After 37 years married and almost 41 years together I’ve lost my baby, my love my wonderful wife, my companion, my everything. We may say that at times I took her for granted, I thought we would reach an older age together, her birthday is 28 November 56 and these numbers appear everywhere I look, our marriage date 04-12-87 seems to be all over no matter where I point my eyes. We were just a few months apart from 68. I don’t know what to do, time is just here filled with memories and pain, at times I feel a physical, real pain in my heart. It started a couple of days after her death while walking through a path we walked together at our campsite, it doesn’t matter where I travel or walk, because everywhere I go We’ve done it before together.
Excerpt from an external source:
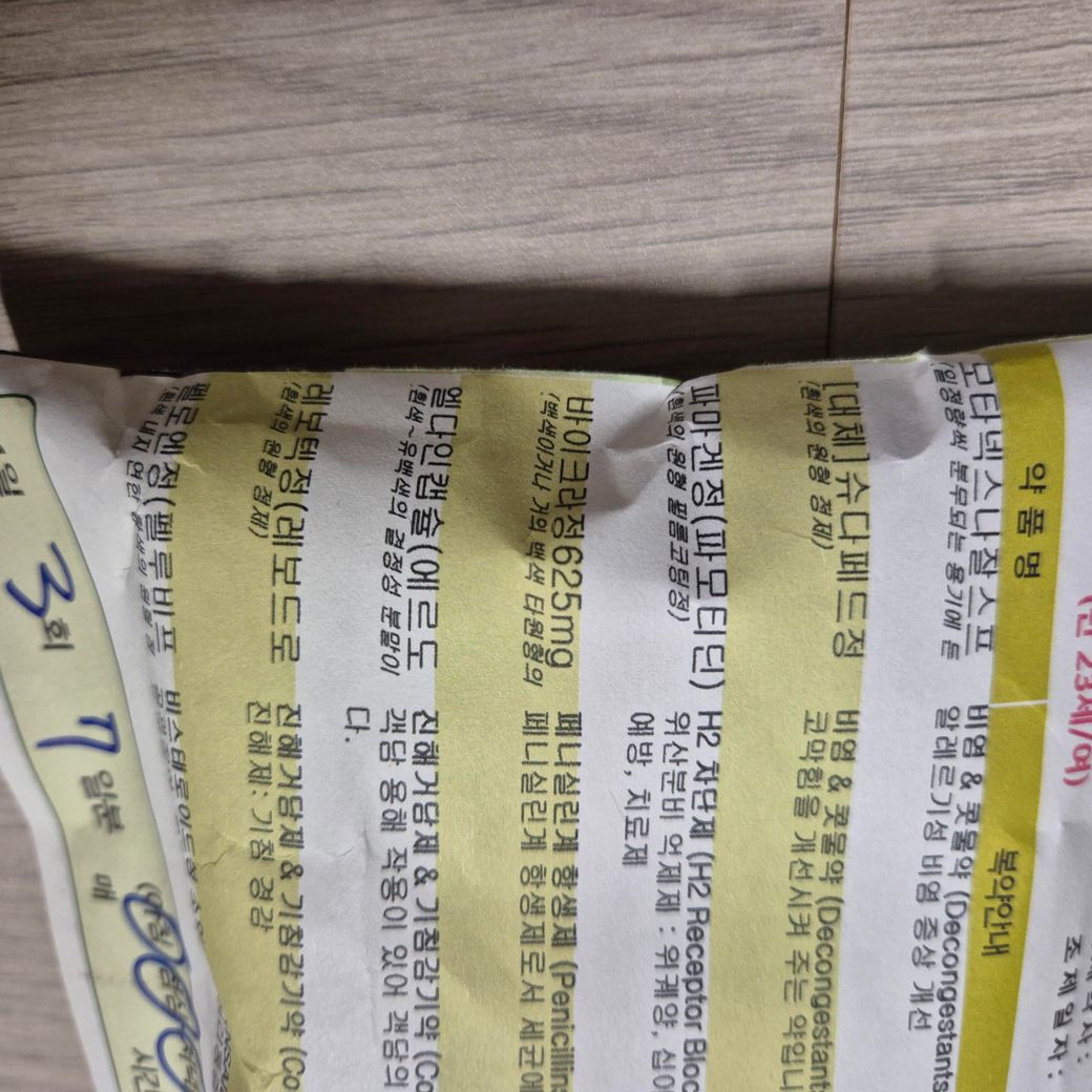 현재 축농증으로 다음의 약을 복용하고있슥니다

Heidi is everywhere, the memories are all over the apartment, streets, roads, places we visited. FRIENDS? Where are they? Her funeral was on the 28th of February this year, she collapsed at home on our couch. I tried to revive her, followed instructions while paramedics arrived but her last look was towards me with her gorgeous eyes as she was asking Tony save me!! Bring me back!! Now when I sit on the couch where she sat every day and listen to audiobooks while I watched TV and where we at times slept together I feel the loneliness.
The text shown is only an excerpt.